[Entries taken from a collection]
BEGIN

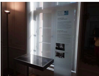
Ausstellungsräume 1. Stock
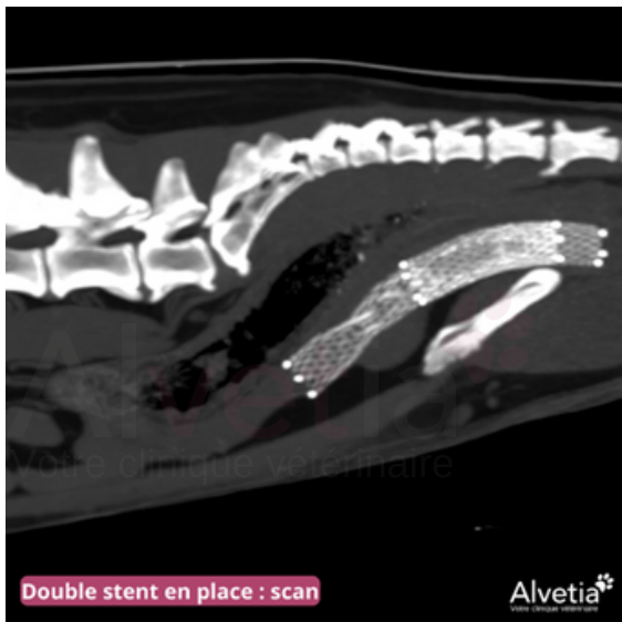
Double stent en place : scan
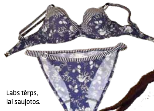
Labs tērps, lai sauļotos.
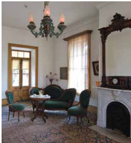
Salón de la casa Zanetta
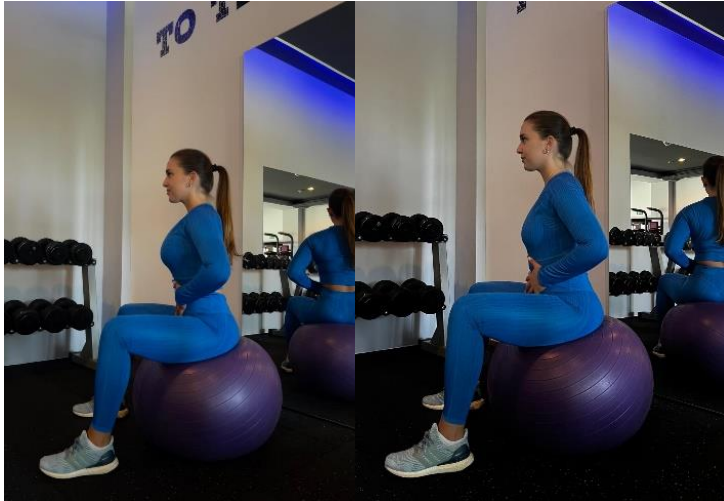
Slika 10. Duboko dijafragmalno disanje s rukama na trbuhu

Pogreške: plitko disanje, predugo zadržavanje daha, prebrzo disanje, nepravilno držanje, nedovoljna stabilnost
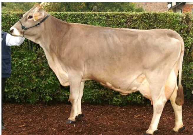
Slika 3. Krava smeđe pasmine
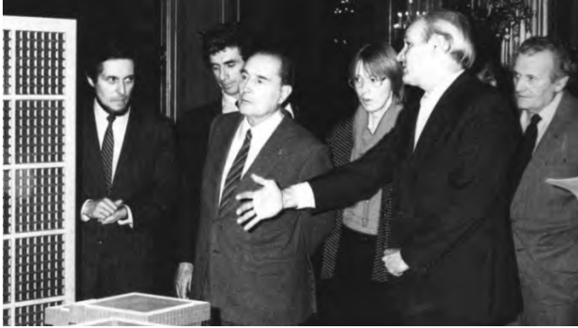
Fot. 10. Architekt Sperckelsen wyjaśnia Prezydentowi Mitterrandowi i Ministrowi kultury koncepcję Grand Arche .

Również zreformowanie polskiej gospodarki przestrzennej to zadanie i odpowiedzialność rządzących. Można mieć nadzieję, że tym razem, ostatnio podejmowane próby ustanowienia racjonalnego zestawu praw gospodarki przestrzennej zakończą się sukcesem.
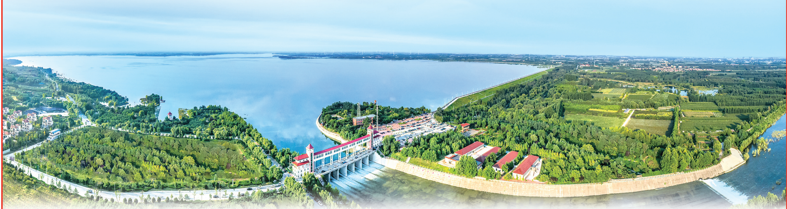
■风景如画的莱西湖。
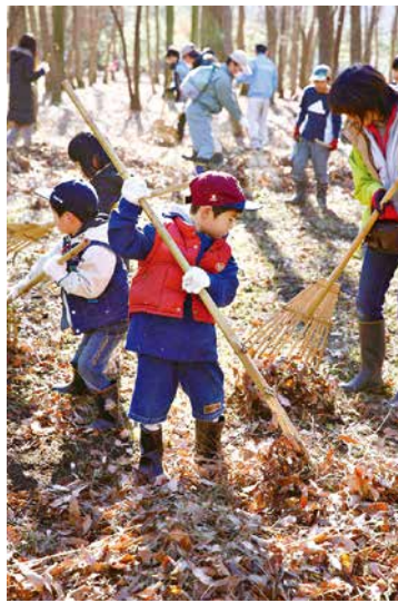
田沼武能 《雑木林の落葉掃き》 2013年1月
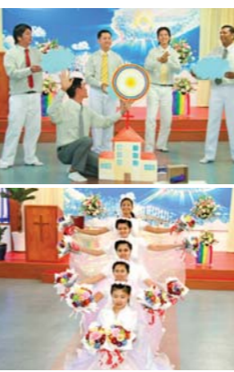
以圣别和特别崇拜于神的檳城万民聋哑人教会圣徒们

如今《万民新闻》译成英语、日语、中国语、西班牙语、俄罗斯语、法语等14种文字发行普及。
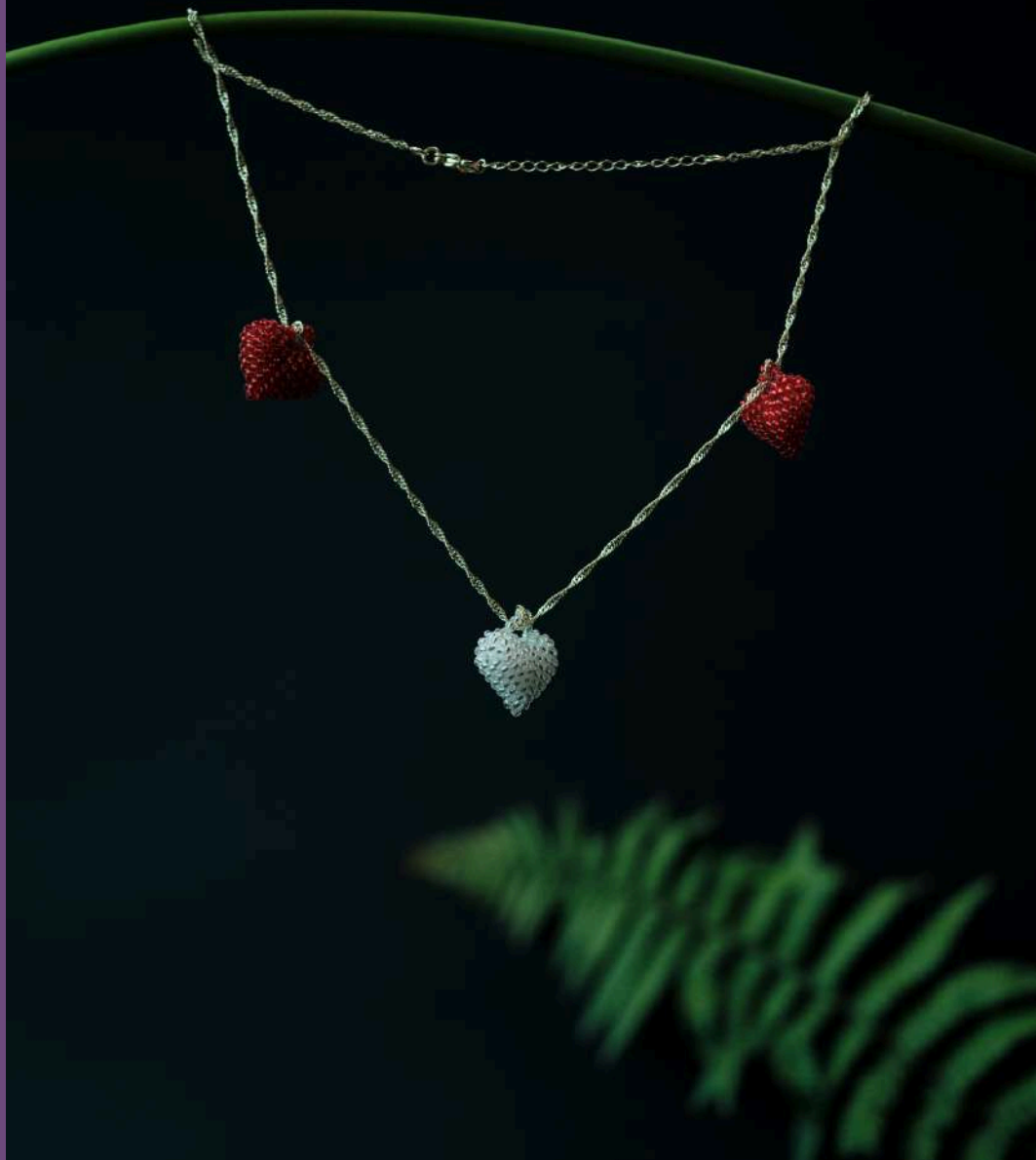
Cadenilla con tres dijes de corazones: $120.000 Tejedora: Clemencia Machuca
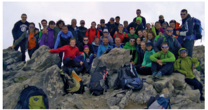
Zanpatuz mendi elkarteak irteera jendetsuak antolatzen darrai.

Zanpatuz Mendi Elkarteak Hiru Erregeen Mahaira irteera antolatu zuen aurreko asteburuan. 41 lagunek eman zuten izena, Linzako aterpetik gailurrera igotzeko, eta denak igo ziren Euskal Herriko gailur garaienera. Erritmo lasaian, taldea batzeko geldialdiak eginez, 3 ordu eta 45 minututan gailurrean ziren kide guztiak. Ordu erditxoko geldialdia eta gero, behearazko bidetara heldu aterpera. Han errekan hankak freskatu eta egarria asetu ostean, bueltako bidetara ekin zioten, Urnietara iluntzeko 20:30ak aldera iristeko.
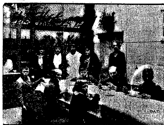
Inspekcja w stacji dożywiania.
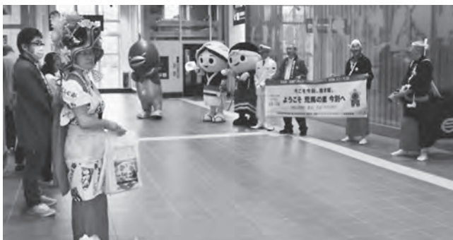
荒馬の衣装を着用し、荒馬まつりもPR

新幹線ホームと改札内コンコースで「ようこそ荒馬の里今別へ」と書かれた横断幕を掲げ、町の観光パンフレットや駅開業をPRするお菓子等を乗降客に配布しました。また、町のゆるキャラ「あらまくん・たずなちゃん」やマギユロウも一緒に出迎えを行い、記念撮影に応じるなど温かいお出迎えをしました。
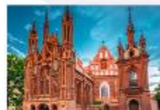
โบสถ์เซนต์แอน
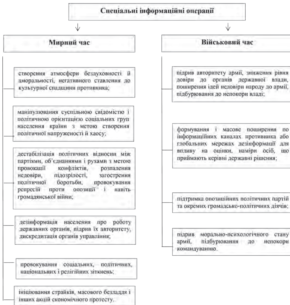
Рис. 1. Основні цілі спеціальних інформаційних операцій

Вказана СІО дала можливість військам РФ на початку 2014 року під час політичної кризи в Україні здійснити військову інтервенцію та встановити фактичний військовий контроль на території АР Крим. Після чого РФ спробувала застосувати зазна-
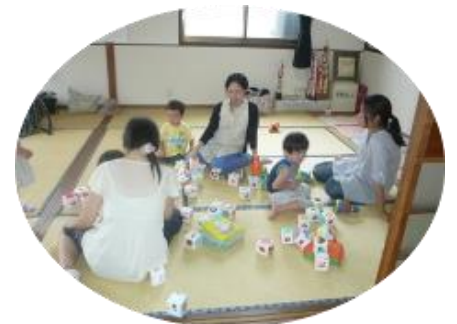
みんなで、遊んだよ!
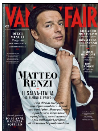
Fig. 12. Renzi su Vanity Fair , 2013.

Uno degli esempi più rappresentativi è il servizio fotografico con cui, nel novembre 2013, Vanity Fair accompagnò una lunga intervista a Renzi, che allora correva per la segreteria del Pd alle primarie del dicembre 2013: pose affettate, bianco e nero patinato, sguardo tenebroso (Fig. 12), tutto concorrevva a distrarre dal merito dell'intervista, confermando l'impressione di un leader che pensava più all'apparenza (il corpo) che ai contenuti (ciò che sapeva e poteva fare). L'accusa peraltro gli era già stata rivolta più volte, e Renzi avrebbe dovuto cercare di indebolirla, invece di avvalorarla.
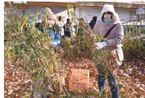
◀ 柳瀬川を挟んで所沢市と東村山市にまたがる淵の森で、1 月 15 日(日)、下草刈りが行われました。中心団体の会長を務める宮崎駿監督も参加し、一緒に汗を流しました。
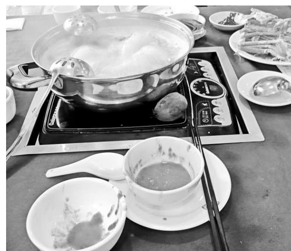
▲內地火鍋調料傳聞使用化學添加劑，但政府執法部門卻無從監管

中國社科院上周發布「住房綠皮書」指出，因購房者多數認為房價過高，市場觀望情緒漸濃。今年住房租金出現了較大上漲。今年第二季度全國房價漲幅下降，但租金卻大幅上揚，全國住宅租賃價格指數同比上漲10%，第三季度同比再漲12.1%。北京同比上漲高達18.2%。住房租賃者支付房租激增，承租壓力日重。部分住房消費者陷入「買不起」兼「租不起」的困境。
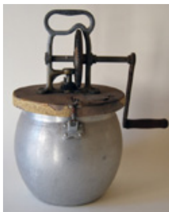
Baratte Côtes d'Armor, 19 ème siècle Musée Le Compa, Chartres

END

▸ DESCRIPTION OF THE TASK: Using the data above, set down each line from the line with "Slika 10. Duboko" to the line with "Fot. 10. Architekt" exactly, both ends included, and leave the pictures behind. Nothing else belongs.

▸ FINISHED TASK:
Slika 10. Duboko dijafragmalno disanje s rukama na trbuhu

Pogreške: plitko disanje, predugo zadržavanje daha, prebrzo disanje, nepravilno držanje, nedovoljna stabilnost
Slika 3. Krava smeđe pasmine
Fot. 10. Architekt Sperckelsen wyjaśnia Prezydentowi Mitterrandowi i Ministrowi kultury koncepcję Grand Arche .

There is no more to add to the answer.